If procedures or medications are proposed, we ask that you discuss them with us and suggest alternative therapies and comfort measures so that we can make well-informed decisions.
Labor and Birth
We respectfully request that there be as little intervention as possible unless an emergency arises. This includes: routine IV (will remain hydrated with water and ice chips), use of medications for pain or labor augmentation, frequent vaginal exams (no more than one an hour). We request external fetal monitoring only as required by the condition of the baby; we prefer use of the fetoscope. We would like to have the freedom of motion and a free choice of laboring positions, particularly in the second stage.
We would like to avoid a routine episiotomy; Massage and hot compress requested before one is suggested. If deemed necessary, we would like to try for a pressure episiotomy when the baby's head is crowning.
Post birth
We would like to breastfeed our baby as soon as he is born. We kindly request that the cord not be clamped or cut before it has stopped pulsating. We plan that the baby be breastfed exclusively, so we kindly request that no bottles, pacifiers, etc be given to him.

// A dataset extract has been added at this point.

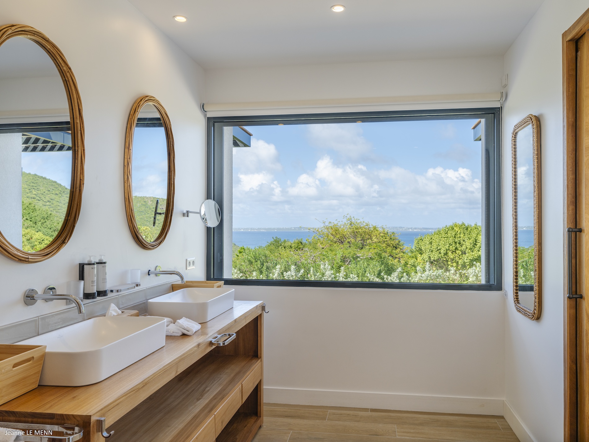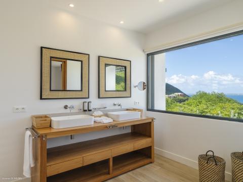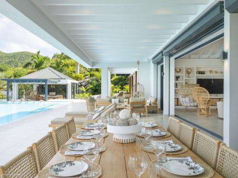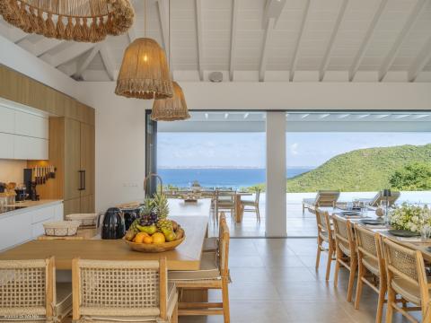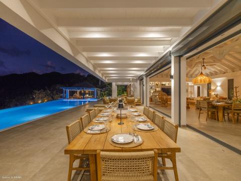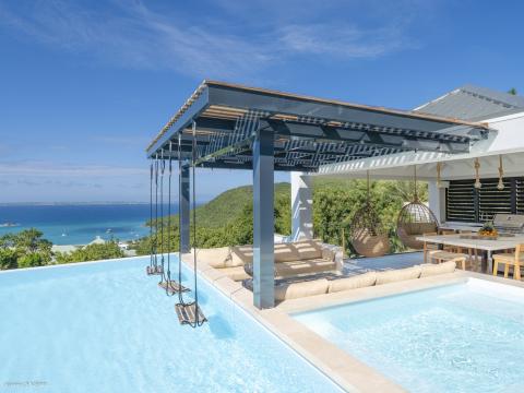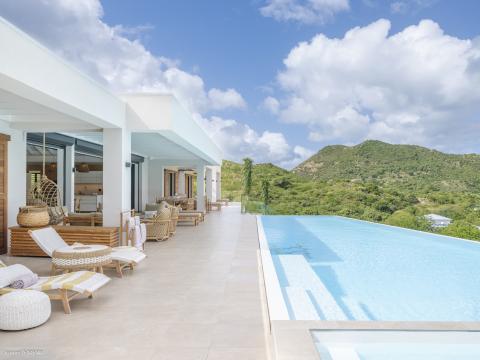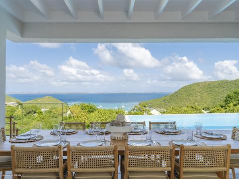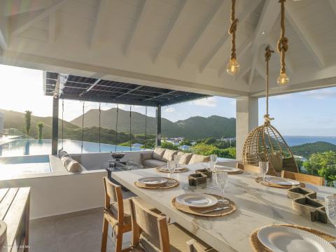 Villa Abaca is an exceptional retreat nestled in the heights of Anse Marcel, offering an idyllic setting where luxury and comfort blend seamlessly. This sumptuous five-bedroom residence captivates with its elegance and its openness to the ocean, providing breathtaking views from both the shared living spaces and the private suites.

We prefer a spontaneous delivery of placenta or encouraged with breast stimulation and nursing the baby.
Contingency Plans
C-Section: We want to discuss any problems and the associated risks unless there is a medical emergency. If we require a C-section, we want the father to be present unless there is an emergency. We would like to use an epidural anesthesia rather than general unless there is an emergency. We prefer that the anesthesia take effect before the catheter is inserted before the surgery begins. We would like to hold the baby after delivery if he doesn't need immediate medical attention.
Ill Baby: If complications arise with the baby, we would like to remain as involved in his care as possible. If possible, we still want to hold and nurse the baby as soon after delivery as is reasonable.